O Ministério Público do Estado do Piauí (MPPI) recomendou que o delegado Charles Pessoa, do Departamento de Repressão às Ações Criminosas Organizadas (Draco), deixe de publicar conteúdos relacionados a pessoas presas, investigadas ou custodiadas em redes sociais. A orientação foi expedida pelo Grupo de Atuação Especial de Controle Externo da Atividade Policial e publicada no Diário Oficial do órgão nesta terça-feira (2).
A recomendação também trata do uso de imagens e símbolos institucionais em publicações pessoais ou não oficiais. Segundo o MP, há preocupação com a exposição de pessoas detidas, além da utilização de fardas, viaturas, armas e outros elementos da Polícia Civil em conteúdos divulgados na internet. O órgão afirma que esse tipo de material pode gerar confusão entre divulgação institucional e promoção pessoal.

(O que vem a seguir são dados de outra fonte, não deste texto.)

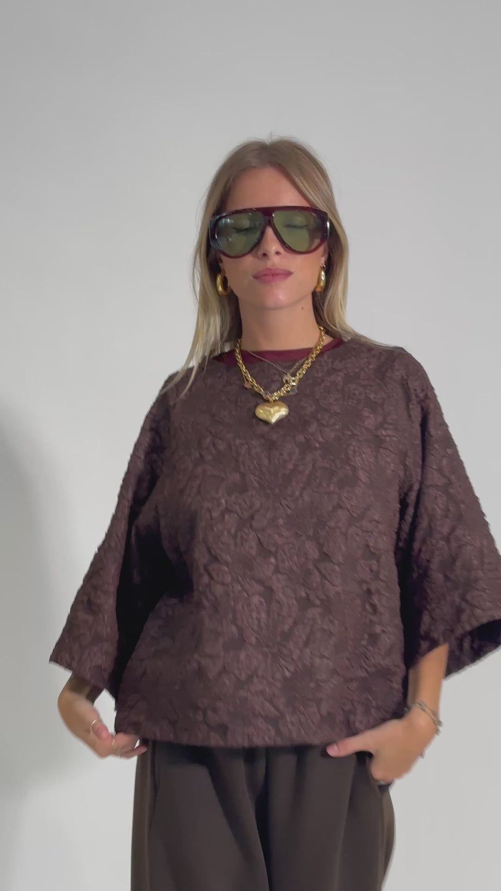 Maglia a scatoletta in tessuto damascato con maniche a 3/4
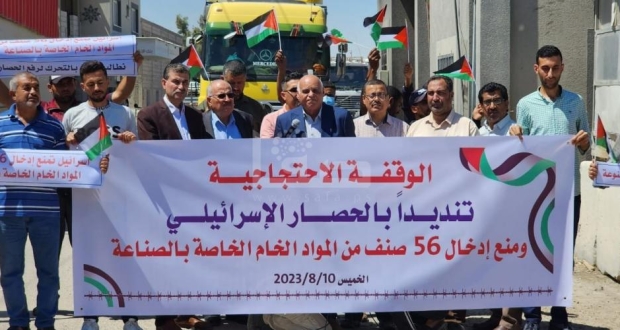نظَّم الاتحاد العام للصناعات الفلسطينية، اليوم الخميس، وقفةً احتجاجية أمام بوابة معبر كرم أبو سالم جنوب قطاع غزّة، احتجاجاً على الحصار "الإسرائيلي" ومنع إدخال 56 صنفاً من المواد الخام الخاصة بالصناعة.

De acordo com o Ministério Público, a divulgação de imagens de presos ou investigados pode afetar direitos como a imagem, a honra e a presunção de inocência. O documento também cita que registros de abordagens, interrogatórios, apreensões e operações em andamento podem comprometer investigações e a preservação de provas.
A recomendação estabelece que o delegado deve interromper imediatamente a publicação ou compartilhamento desse tipo de conteúdo. O MP também orienta a criação de normas internas para regulamentar o uso de redes sociais por policiais civis no Piauí. Os órgãos de segurança e o delegado têm prazo de 20 dias para informar se irão acatar as medidas e quais providências serão adotadas.